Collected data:
######
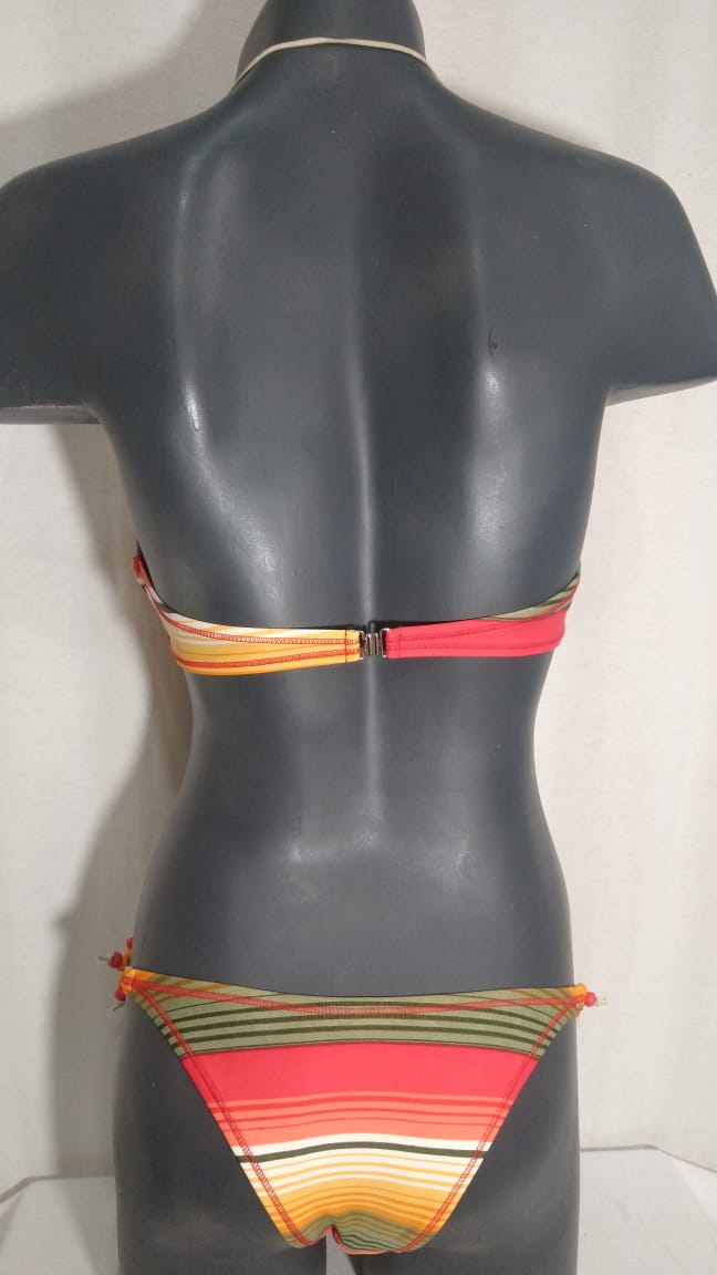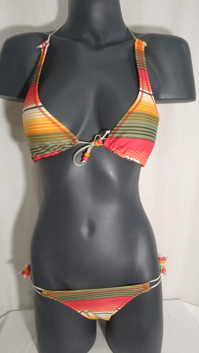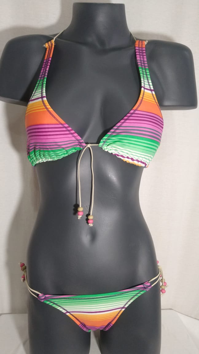Conjunto de bikini, corpiño triángulo y bombacha vedetina. Confeccionado en lycra estampada forrada
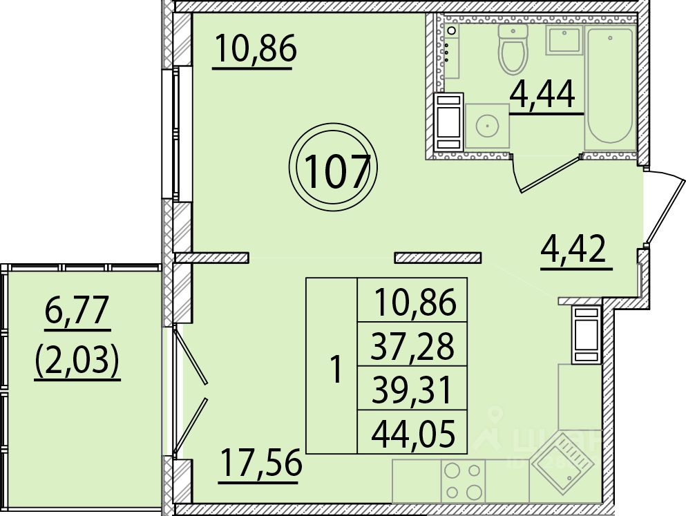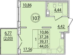 Общая площадь37,28 м²
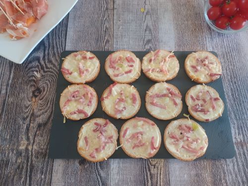 - Les tartiner de crème généreusement, ajouter des lardons de volaille, des lamelles d’oignon, et terminer par une pincée de fromage râpé.
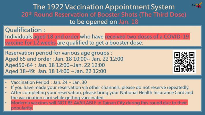 From 10:00 of Jan. 18 to 12:00 of Jan. 22, the 1922 Vaccination Appointment System will be reopened for the 20th round reservation of booster shots (the third dose), while the vaccination will be given between Jan. 24 and Jan. 30. Please make your reservation via https://1922.gov.tw/ , and please bring your National Health Insurance Card and the vaccination record when getting vaccinated. For more details, please refer to the appendix.
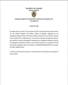 El Tribunal Superior de Bogotá anunció que ya resolvió el recurso de apelación presentado en el proceso judicial contra el expresidente Álvaro Uribe Vélez, quien fue condenado en primera instancia a 12 años de prisión domiciliaria por los delitos de soborno en actuación penal y fraude procesal.
######
Down to the last line, return the entries above exactly, with no pictures.

Conjunto de bikini, corpiño triángulo y bombacha vedetina. Confeccionado en lycra estampada forrada
 Общая площадь37,28 м²
 - Les tartiner de crème généreusement, ajouter des lardons de volaille, des lamelles d’oignon, et terminer par une pincée de fromage râpé.
 From 10:00 of Jan. 18 to 12:00 of Jan. 22, the 1922 Vaccination Appointment System will be reopened for the 20th round reservation of booster shots (the third dose), while the vaccination will be given between Jan. 24 and Jan. 30. Please make your reservation via https://1922.gov.tw/ , and please bring your National Health Insurance Card and the vaccination record when getting vaccinated. For more details, please refer to the appendix.
 El Tribunal Superior de Bogotá anunció que ya resolvió el recurso de apelación presentado en el proceso judicial contra el expresidente Álvaro Uribe Vélez, quien fue condenado en primera instancia a 12 años de prisión domiciliaria por los delitos de soborno en actuación penal y fraude procesal.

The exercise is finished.